The Ethical Case for Natural Reinforcers
Natural reinforcers are outcomes that naturally occur as a result of a behavior. For example, asking for help and receiving assistance, completing work and feeling a sense of accomplishment, or engaging socially and being included by peers. These reinforcers are powerful because they are sustainable, meaningful, and embedded in everyday life.
From an ethical standpoint, moving toward natural reinforcers aligns with ABA’s core values: promoting independence, generalization, and quality of life. A learner who depends solely on tangibles may struggle to maintain skills in environments where those reinforcers aren’t available – or appropriate.
That said, transitioning too quickly or without regard for learner readiness can be harmful. A compassionate approach recognizes that motivation is not something we “fade,” but something we expand.

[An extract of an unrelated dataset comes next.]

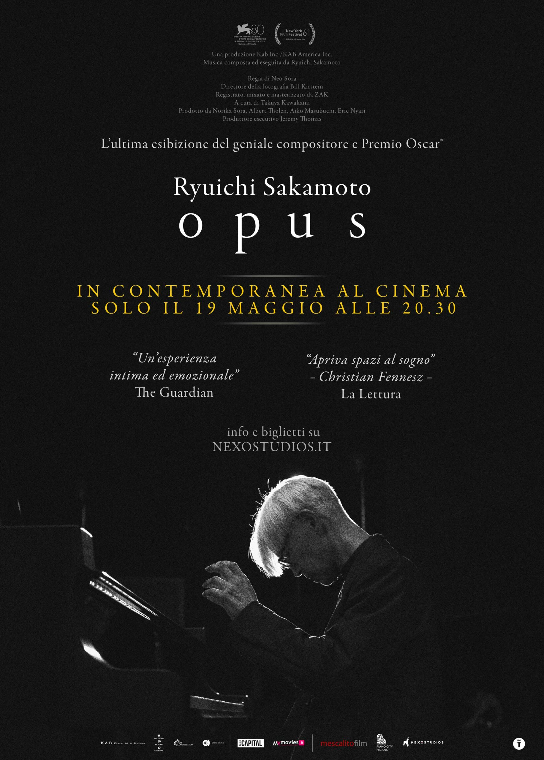 Trama: L?ultimo regalo di Sakamoto al suo pubblico. Il film-testamento diretto dal figlio Neo Sora che celebra la vita e il lavoro del leggendario compositore. Il film-testamento diretto da Neo Sora, figlio di Sakamoto. Presentato in anteprima all?80. Mostra Internazionale d?Arte Cinematografica di Venezia e all?edizione 2024 di Piano City Milano, Ryuichi Sakamoto | Opus racconta l?ultimo concerto del Maestro e rappresenta una celebrazione della vita e del lavoro del leggendario compositore: l?ultimo regalo che Sakamoto, che si è spento il 28 marzo del 2023, ha voluto preparare per il suo pubblico. Negli ultimi anni, Sakamoto non era piu? in grado di esibirsi dal vivo. I concerti e i tour erano troppo faticosi. Ciononostante, alla fine del 2022, Sakamoto ha raccolto le forze per lasciare al mondo un?ultima performance: un film concerto i cui protagonisti erano solo lui e il pianoforte. Curati da Sakamoto stesso e presentati nell?ordine da lui deciso, i venti pezzi eseguiti nel film narrano la sua vita in musica senza ricorrere alle parole. La scelta copre tutta la sua carriera, dal periodo da popstar con la Yellow Magic Orchestra alle magnifiche colonne sonore dei film di Bertolucci, alla musica del suo ultimo album contemplativo 12. Girato in uno spazio intimo che conosceva bene, circondato dai suoi piu? fidati collaboratori, Sakamoto ha messo a nudo la propria anima attraverso la musica, sapendo che sarebbe stata forse l?ultima occasione di presentare la propria arte. Celebrazione della vita di un artista nel senso piu? puro del termine, Ryuichi Sakamoto | Opus e? il canto del cigno dell?amato maestro. Sakamoto aveva spiegato così il senso del progetto: ?Dall?8 al 15 settembre 2022 mi sono dedicato a qualcosa di molto importante per me: filmare Ryuichi Sakamoto | Opus. Il progetto è stato concepito come l?occasione per registrare una mia performance ? quando ancora ero in grado di esibirmi ? che valesse la pena preservare per il futuro. Abbiamo preso in prestito lo Studio 509 dell?NHK Broadcast Center per registrare: un luogo che penso offra la migliore acustica possibile in Giappone. Il regista, Neo Sora, era piuttosto severo. Ha insistito perché decidessi con largo anticipo l?intero repertorio dei 20 brani che avrei suonato, in modo da preparare meticolosamente le riprese. Ho suonato a casa ogni pezzo che abbiamo poi registrato su un iPhone, per costruire la composizione dell?intero concerto che vuole idealmente rappresentare il tempo che trascorre dalla mattina alla sera. Tutto è stato meticolosamente realizzato con uno storyboard, in modo che la posizione delle camere e l?illuminazione cambiassero con ogni brano. A capo di una troupe di quasi trenta persone c?era il direttore della fotografia Bill Kirstein, che ha girato il film utilizzando tre camere 4K. Dal canto mio, quando ho iniziato le riprese ero un po? nervoso al pensiero che questa potesse essere l?ultima possibilità di condividere una mia performance. Abbiamo registrato alcuni pezzi al giorno, con molta cura. Ho suonato alcuni brani che non avevo mai suonato al pianoforte solo, come ?The Wuthering Heights? (1992) e ?Ichimei ? piccola felicità? (2011). Ho suonato ?Tong Poo? in un nuovo arrangiamento a un ritmo più lento di quanto l?avessi mai eseguito. Quindi, in un certo senso, mentre pensavo a questa come la mia ultima opportunità di esibirmi, sentivo anche di essere in grado di aprirmi a nuovi orizzonti. Suonare semplicemente qualche brano al giorno con molta concentrazione era tutto ciò che potevo fare a questo punto della mia vita. Forse a causa di questo sforzo, in seguito mi sono sentito completamente vuoto e le mie condizioni sono peggiorate per circa un mese. Ma, nonostante questo, mi sento sollevato di aver potuto registrare prima della mia morte una performance di cui ero soddisfatto?. Il regista e figlio dell?artista Neo Sora ha aggiunto: ?Sakamoto diceva che il piano era il prolungamento delle sue mani e in Opus ho voluto mostrare l?intreccio tra esecutore e strumento e come il respiro di Sakamoto si mescolava allo scricchiolio e al sibilo dei meccanismi del pianoforte. Il dialogo tra i due organismi estraeva le rispettive corporeita?. Il film, memore della fascinazione di Sakamoto per il tempo, e? progettato in modo da evocare visivamente il trascorrere delle ore nel corso di un?intera giornata. Mentre il tempo passa, la luce cambia, completando un cerchio, per poi ritornare alla posizione originale. Il film e? girato in bianco e nero: spero di aver catturato il modo in cui la vita di Ryuichi Sakamoto, densa di sperimentazione, curiosita? e innovazione, sia ritornata alle origini: al pianoforte?.

Preference vs. Reinforcement
A preferred reinforcer isn’t static. Preferences change over time, across settings, and based on learning history. What functions as a positive reinforcer today may lose its value tomorrow. This is particularly relevant when addressing automatic behavior ABA targets, where reinforcement may be internally maintained, rather than socially mediated.
When working with automatic behavior, pairing new skills with natural sensory or social outcomes is especially important. Rather than competing with automatic reinforcement, clinicians can teach alternative behaviors that access similar sensory input in more functional ways.

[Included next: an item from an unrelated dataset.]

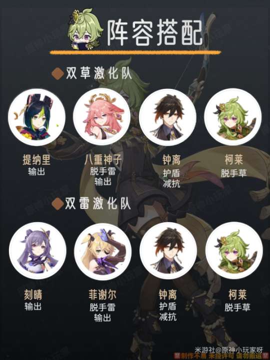 ① 双草激化队:提纳里+八重神子+钟离+柯莱

5 Practical Steps for Moving Toward Natural Reinforcers
1. Pair Tangibles With Natural Outcomes
Instead of delivering tangibles in isolation, pair them consistently with social interaction, descriptive praise, or access to meaningful activities. Over time, the social and activity-based components can take on reinforcing value.
2. Use the Environment as the Reinforcer
Whenever possible, allow the behavior itself to contact reinforcement. For example, a learner who requests a break should receive the break, not a token for the break. This helps shift control from external items to functional outcomes.
3. Thin, Don’t Eliminate
Reinforcement thinning should be gradual and data-informed. Abruptly removing primary reinforcers can increase frustration and problem behavior. Instead, increase response requirements slowly while monitoring engagement and effect.
4. Expand the Reinforcer Menu
Classroom reinforcers don’t have to be tangible items. Leadership roles, peer interaction, choice-making opportunities, and movement-based activities can all function as reinforcers when introduced intentionally.
5. Teach Learners to Access Reinforcement
One of the most empowering shifts happens when learners are taught how to request, negotiate, or self-manage reinforcement. This transforms reinforcers from something “given” to something the learner can actively obtain.
Don’t miss our next CEU event on Thursday, January 22 at 12pm EST or get the recording. Join us here!
What Reinforcement Success Really Looks Like
Moving away from concrete reinforcers in the classroom doesn’t mean a learner never earns a tangible reward again. It means the learner is no longer dependent on them to engage, persist, or feel successful. The ultimate goal is flexibility: using ABA reinforcers that fit the context, honor the learner, and support real-world functioning.
When natural reinforcers are thoughtfully embedded, learners begin to experience reinforcement the way the rest of the world does: through connection, competence, autonomy, and meaningful outcomes.
Reinforcers are not bribes. They’re communication tools that tell learners, “This behavior works.” A primary reinforcer, a conditioned reinforcer, or a naturally occurring outcome all serve that same purpose when used ethically.
By taking a compassionate, learner-centered approach to reinforcement, practitioners can move beyond reliance on tangibles while still honoring the science of behavior and the humanity of the individual. That balance, between effectiveness and ethics, is where the best ABA practice lives.